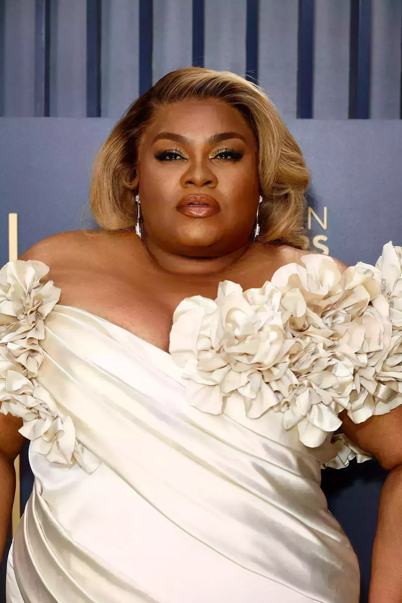 Da'Vine Joy Randolph, ganadora de un trofeo por su papel en The Holdovers, estaba radiante con un recogido rubio suavemente rizado con raya al lado. Un toque de sombra de ojos dorada y un brillo rosado realzaron su brillo de superestrella.
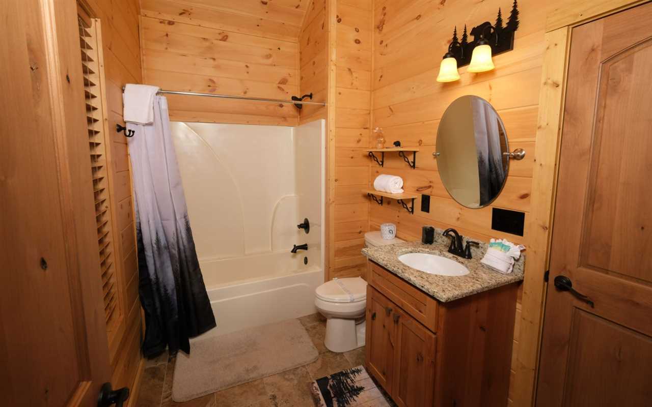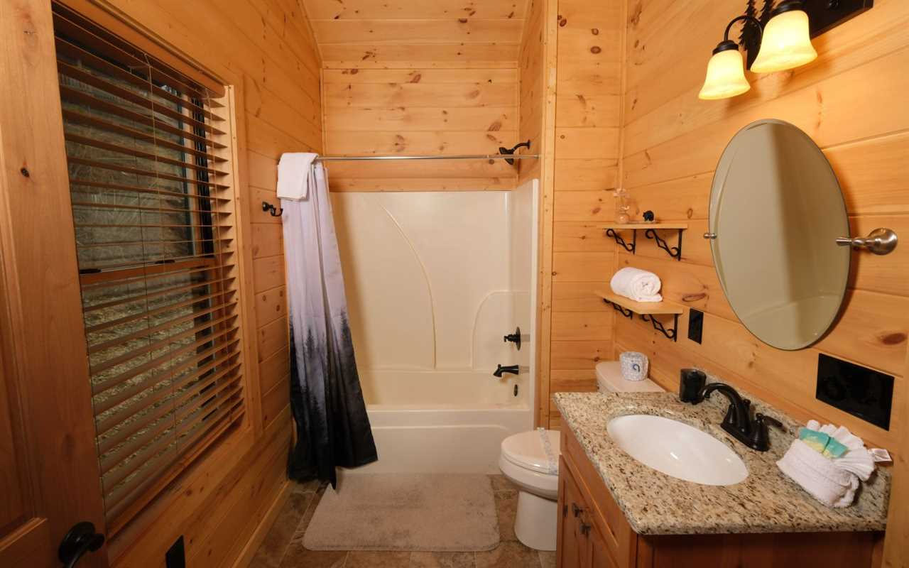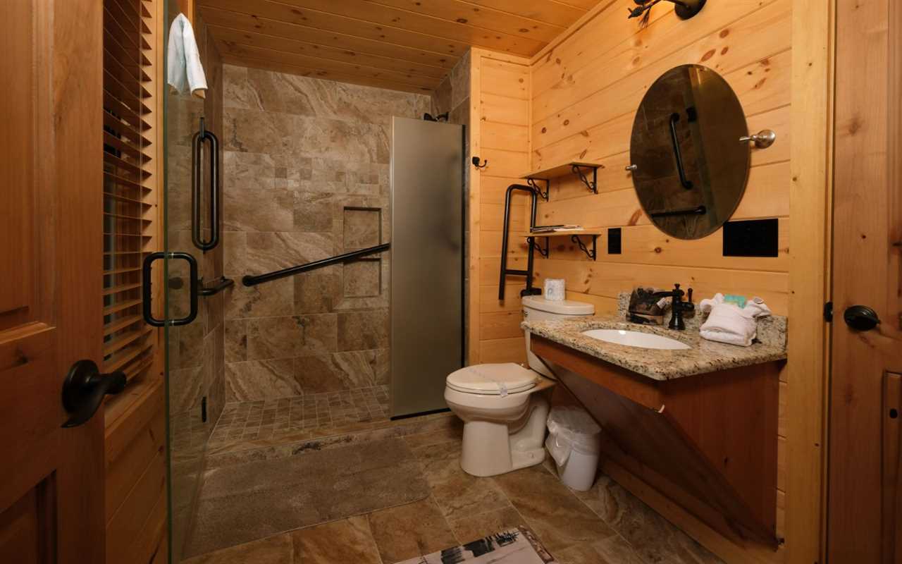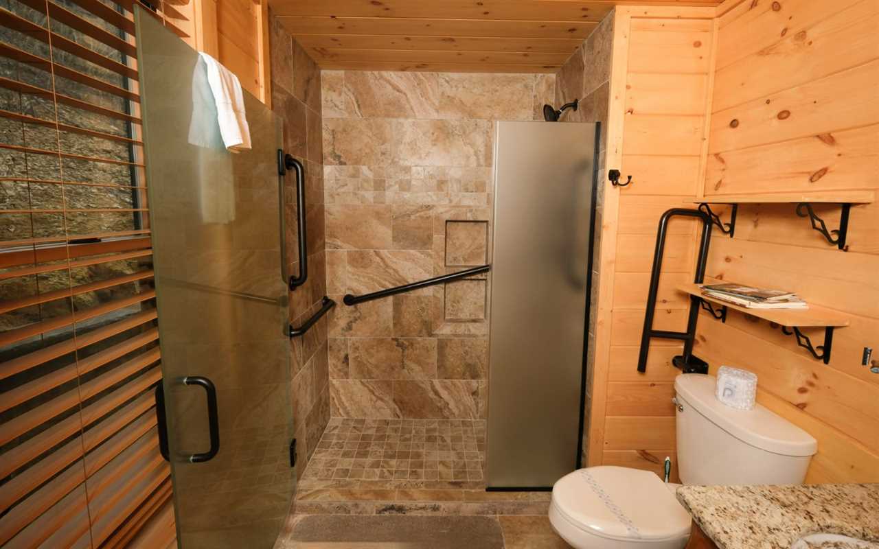 Both bathrooms are clean and functional, with features that support guests with mobility needs. The main level bath includes a walk-in shower with grab bars and an accessible sink.
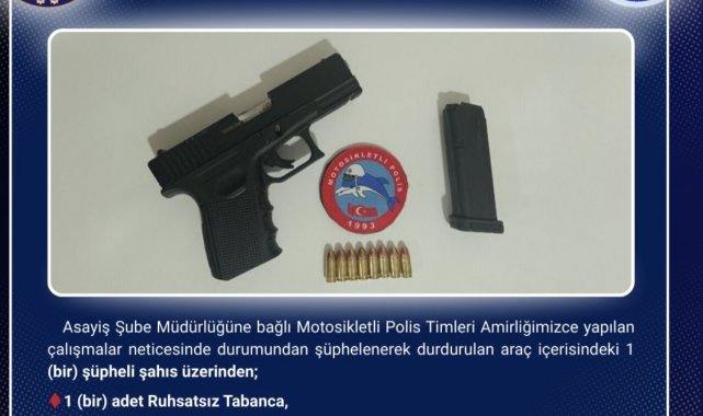 Öte yandan Asayiş Şube Müdürlüğüne bağlı Motosikletli Polis Timleri Amirliğince yapılan çalışmalar neticesinde durumundan şüphelenerek durdurulan araç içerisindeki 1 şüpheli şahıs üzerinden; 1 adet ruhsatsız tabanca, 1 adet şarjör ve 8 adet 9.19 mm çapında fişek ele geçirildiği bildirildi.
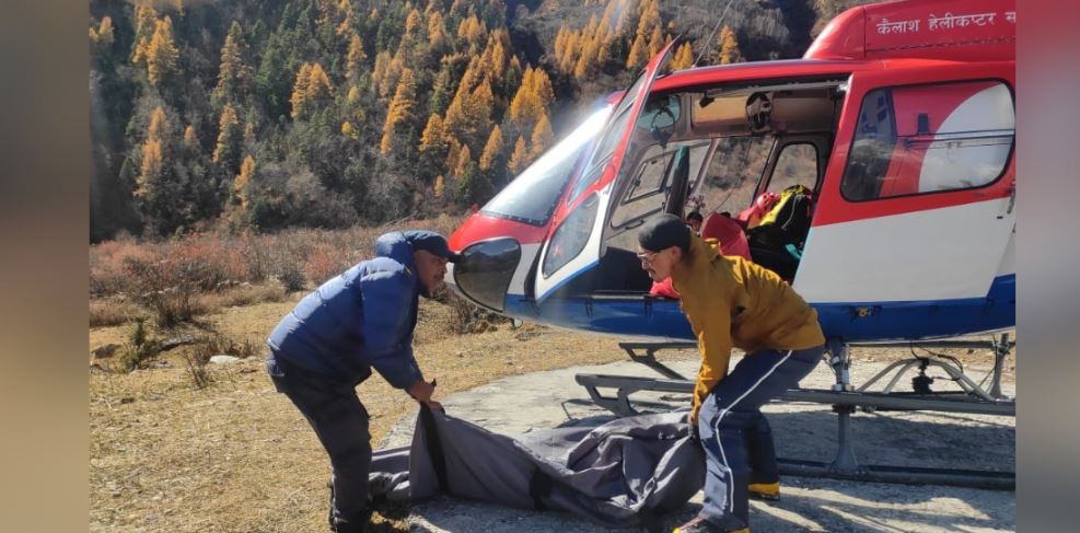 आरोहीको शव हेलिकोप्टरमार्फत सामागाउँ ल्याइएको छ। पाङबारी हिमालबाट फर्कने क्रममा तीन इटालियन नागरिक र एक नेपाली सहयोगी गत बुधबारदेखि पहिलो शिविर र आधार शिविरमा अलपत्र परेका थिए। फरिनातो र गापुटो हिमाल आरोहण गर्न नसकेपछि फर्कने क्रममा हिमपातका कारण अलपत्र परेका बताइएको छ।
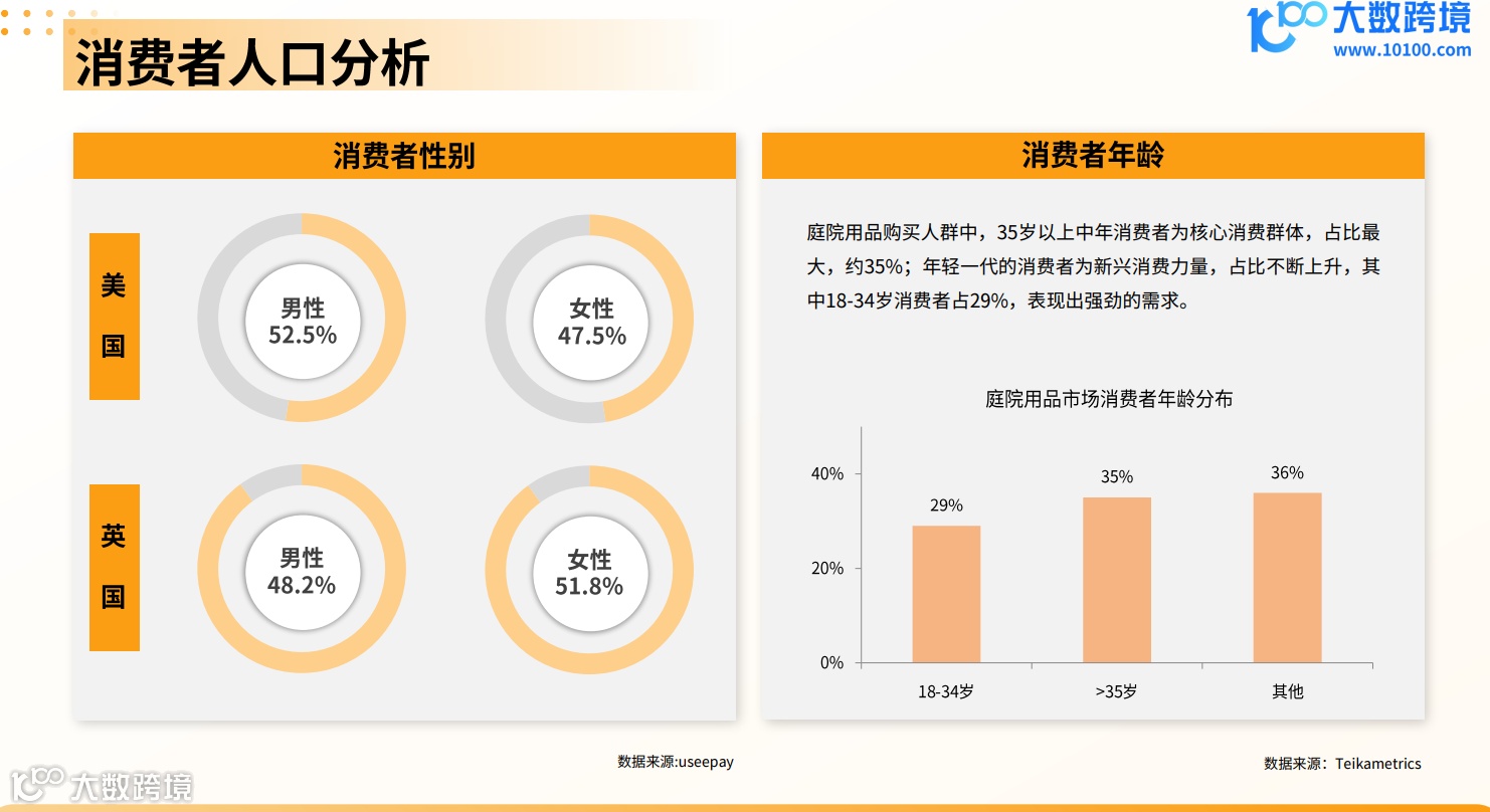 根据报告,全球庭院设备电商市场的消费者人数在2024年将达到9310万,预计到2029年将进一步增长至1.309亿。这一增长主要受到互联网经济发展的推动。同时,35岁以上的中年消费者成为核心消费群体,占比最大,达到35%;而年轻一代(18-34岁)的消费者也表现出强劲的需求和购买力。
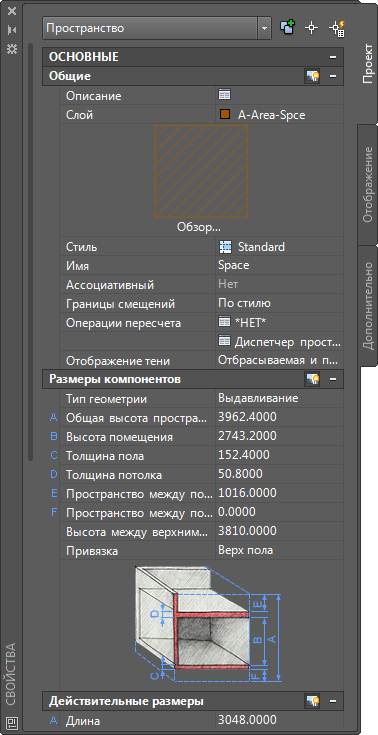 - Использование пересчитанных значений в спецификации или при учете пространств.
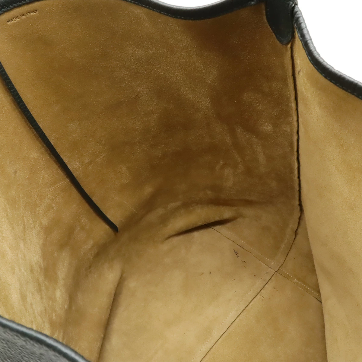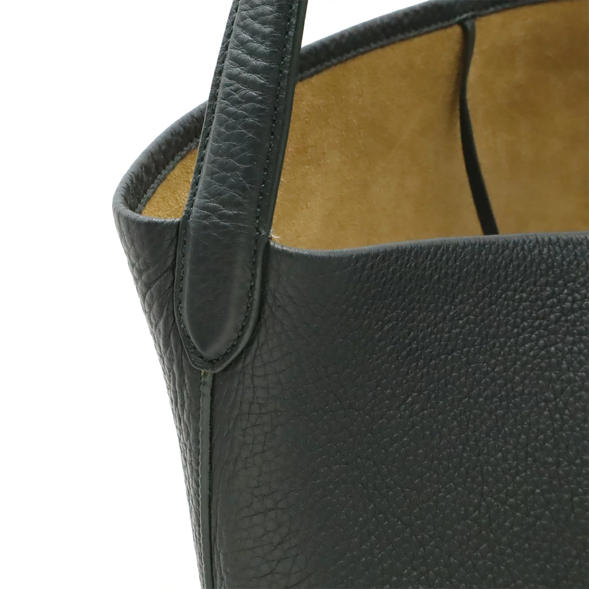 THE ROW Large N/S Park Tote Bag, a one-shoulder bucket-style bag in olive gray leather. [Pre-owned]

^^^^^^^^^^^^^^^^

*PROBLEM TO SOLVE*. In the material above, retype exactly the lines that run from the one containing "Both bathrooms are" through the last line, and keep out the pictures.

*RESPONSE BELOW*.
 Both bathrooms are clean and functional, with features that support guests with mobility needs. The main level bath includes a walk-in shower with grab bars and an accessible sink.
 Öte yandan Asayiş Şube Müdürlüğüne bağlı Motosikletli Polis Timleri Amirliğince yapılan çalışmalar neticesinde durumundan şüphelenerek durdurulan araç içerisindeki 1 şüpheli şahıs üzerinden; 1 adet ruhsatsız tabanca, 1 adet şarjör ve 8 adet 9.19 mm çapında fişek ele geçirildiği bildirildi.
 आरोहीको शव हेलिकोप्टरमार्फत सामागाउँ ल्याइएको छ। पाङबारी हिमालबाट फर्कने क्रममा तीन इटालियन नागरिक र एक नेपाली सहयोगी गत बुधबारदेखि पहिलो शिविर र आधार शिविरमा अलपत्र परेका थिए। फरिनातो र गापुटो हिमाल आरोहण गर्न नसकेपछि फर्कने क्रममा हिमपातका कारण अलपत्र परेका बताइएको छ।
 根据报告,全球庭院设备电商市场的消费者人数在2024年将达到9310万,预计到2029年将进一步增长至1.309亿。这一增长主要受到互联网经济发展的推动。同时,35岁以上的中年消费者成为核心消费群体,占比最大,达到35%;而年轻一代(18-34岁)的消费者也表现出强劲的需求和购买力。
 - Использование пересчитанных значений в спецификации или при учете пространств.
 THE ROW Large N/S Park Tote Bag, a one-shoulder bucket-style bag in olive gray leather. [Pre-owned]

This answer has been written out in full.